= What to do =
This task calls for the lines below starting at the one containing "Bisiklet Yaka Taşlı T-shirt Siyah" and ending at the one containing "11 вересня з", repeated exactly with both ends kept and pictures left out.

Segment Open

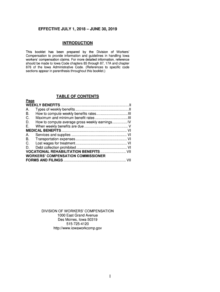 EFFECTIVE JULY 1, 2018, JUNE 30, 2019INTRODUCTION This booklet has been prepared by the Division of Workers Compensation to provide information and guidelines in handling Iowa workers compensation
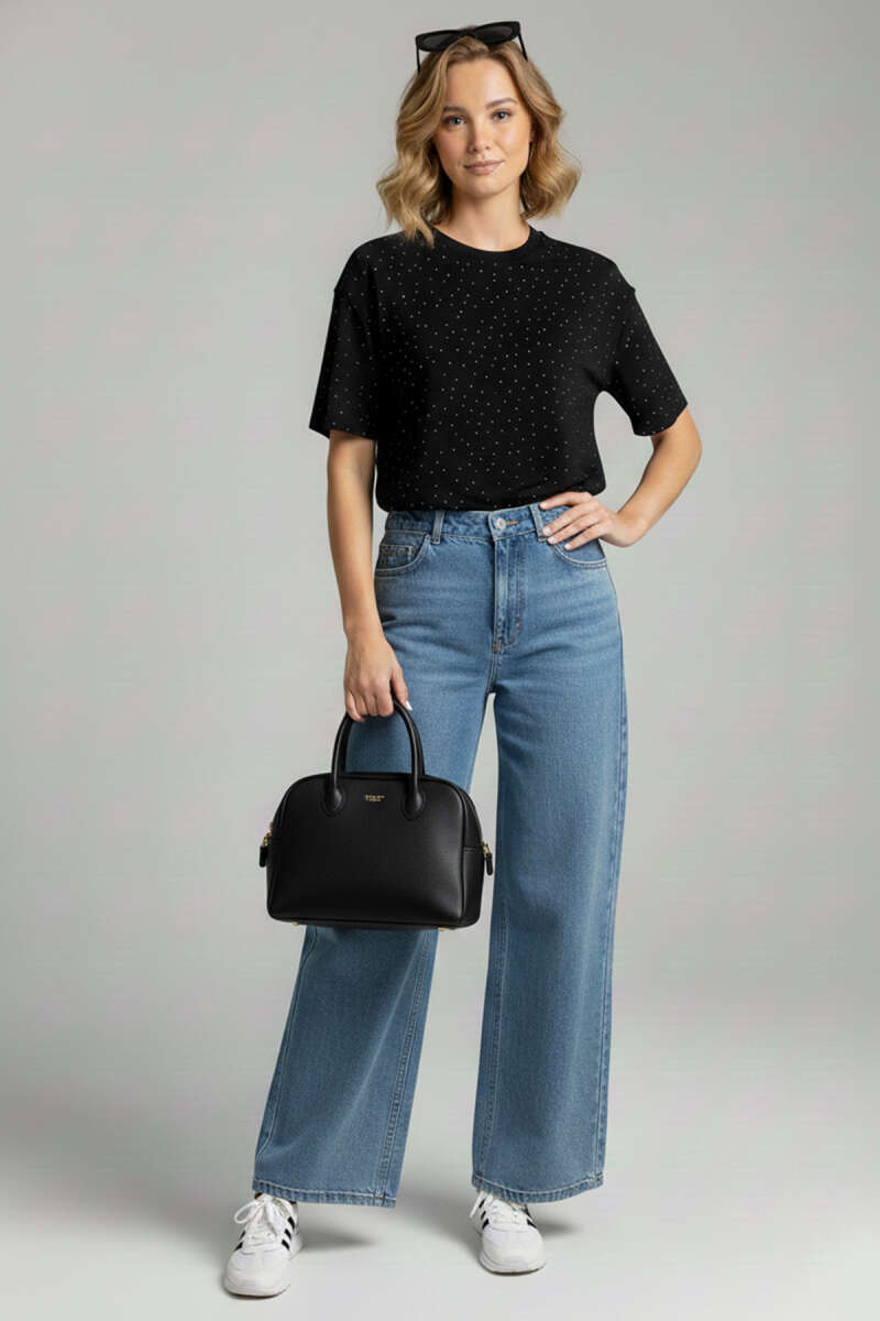 Bisiklet Yaka Taşlı T-shirt Siyah
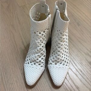 Elegant white booties with a unique woven design. Features a sturdy block heel. Ideal for stylish outings.
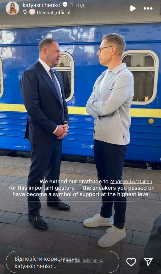 11 вересня з офіційним візитом до Києва прибув президент Фінляндії Александр Стубб. На вокзалі він з'явився у патріотичних кросівках українського бренду the COAT дизайнерки Каті Сільченко.
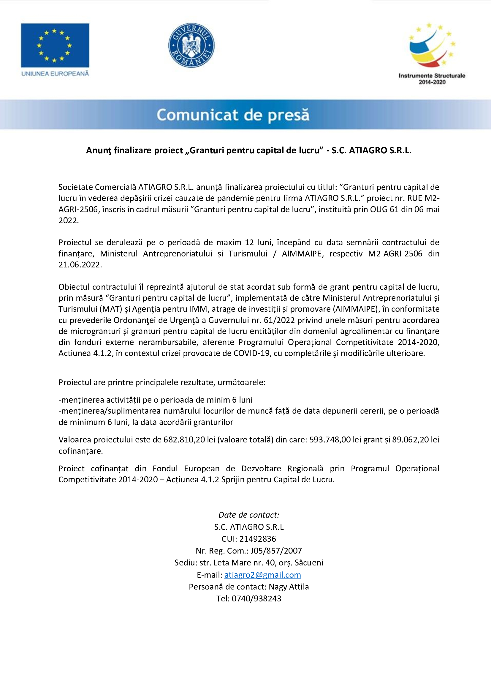 Societate Comercială ATIAGRO S.R.L. anunță finalizarea proiectului cu titlul: ”Granturi pentru capital de lucru în vederea depășirii crizei cauzate de pandemie pentru firma ATIAGRO S.R.L.” proiect nr. RUE M2-AGRI-2506, înscris în cadrul măsurii ”Granturi pentru capital de lucru”, instituită prin OUG 61 din 06 mai 2022.

Segment Closed

= Expected output =
 Bisiklet Yaka Taşlı T-shirt Siyah
 Elegant white booties with a unique woven design. Features a sturdy block heel. Ideal for stylish outings.
 11 вересня з офіційним візитом до Києва прибув президент Фінляндії Александр Стубб. На вокзалі він з'явився у патріотичних кросівках українського бренду the COAT дизайнерки Каті Сільченко.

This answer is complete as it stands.